■ What you have to do ■
Could you set down exactly the lines of the data below, starting at the one that holds "gero, horrek esjittuko" and ending at the one that holds "李伟教授分析个人所得税法修订情况", both included, and only those?

■ Given data ■
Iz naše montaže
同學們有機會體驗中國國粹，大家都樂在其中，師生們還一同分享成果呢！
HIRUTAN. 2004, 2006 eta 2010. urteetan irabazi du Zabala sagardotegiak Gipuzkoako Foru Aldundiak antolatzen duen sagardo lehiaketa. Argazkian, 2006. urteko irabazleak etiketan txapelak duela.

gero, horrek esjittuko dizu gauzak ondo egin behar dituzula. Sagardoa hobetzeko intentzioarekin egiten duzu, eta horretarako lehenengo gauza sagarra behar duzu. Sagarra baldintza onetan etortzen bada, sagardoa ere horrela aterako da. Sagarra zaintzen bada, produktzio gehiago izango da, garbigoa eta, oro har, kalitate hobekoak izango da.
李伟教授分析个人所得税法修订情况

--

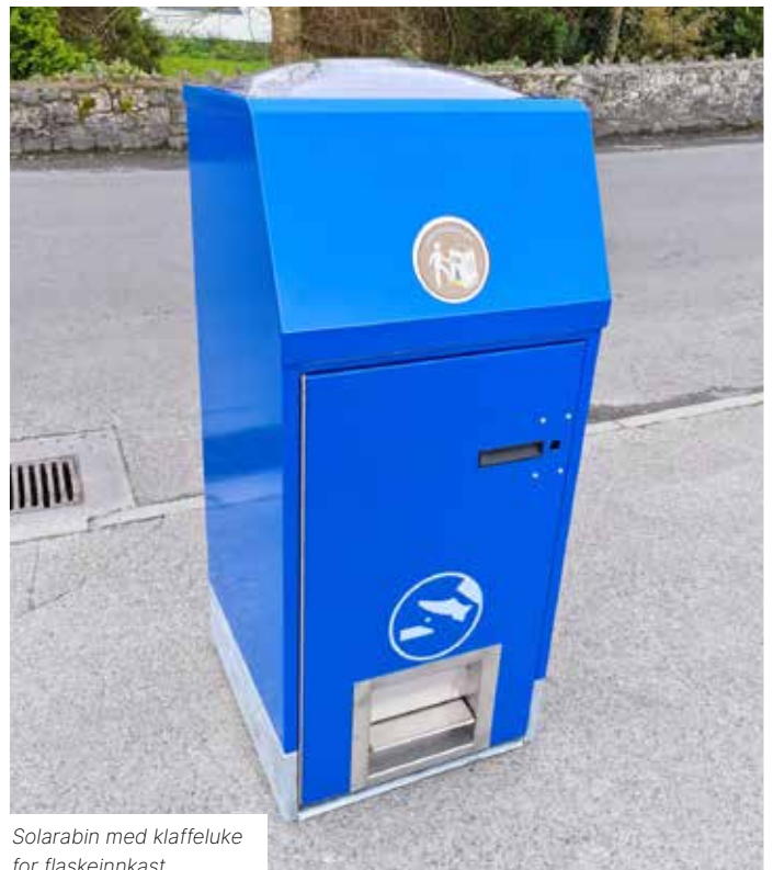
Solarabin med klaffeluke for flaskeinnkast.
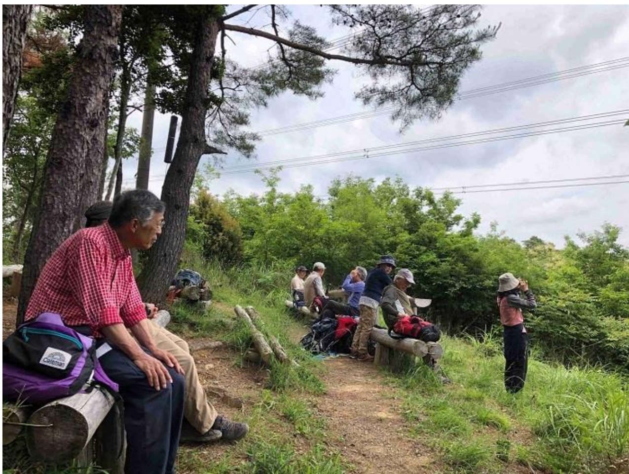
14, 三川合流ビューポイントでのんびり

...

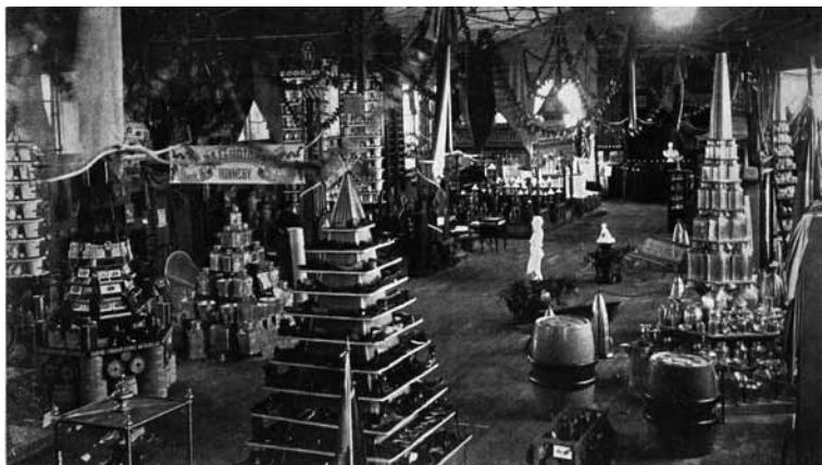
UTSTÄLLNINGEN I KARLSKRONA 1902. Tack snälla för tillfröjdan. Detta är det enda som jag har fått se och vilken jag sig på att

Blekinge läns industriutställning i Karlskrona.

■ Result of the task ■
gero, horrek esjittuko dizu gauzak ondo egin behar dituzula. Sagardoa hobetzeko intentzioarekin egiten duzu, eta horretarako lehenengo gauza sagarra behar duzu. Sagarra baldintza onetan etortzen bada, sagardoa ere horrela aterako da. Sagarra zaintzen bada, produktzio gehiago izango da, garbigoa eta, oro har, kalitate hobekoak izango da.
李伟教授分析个人所得税法修订情况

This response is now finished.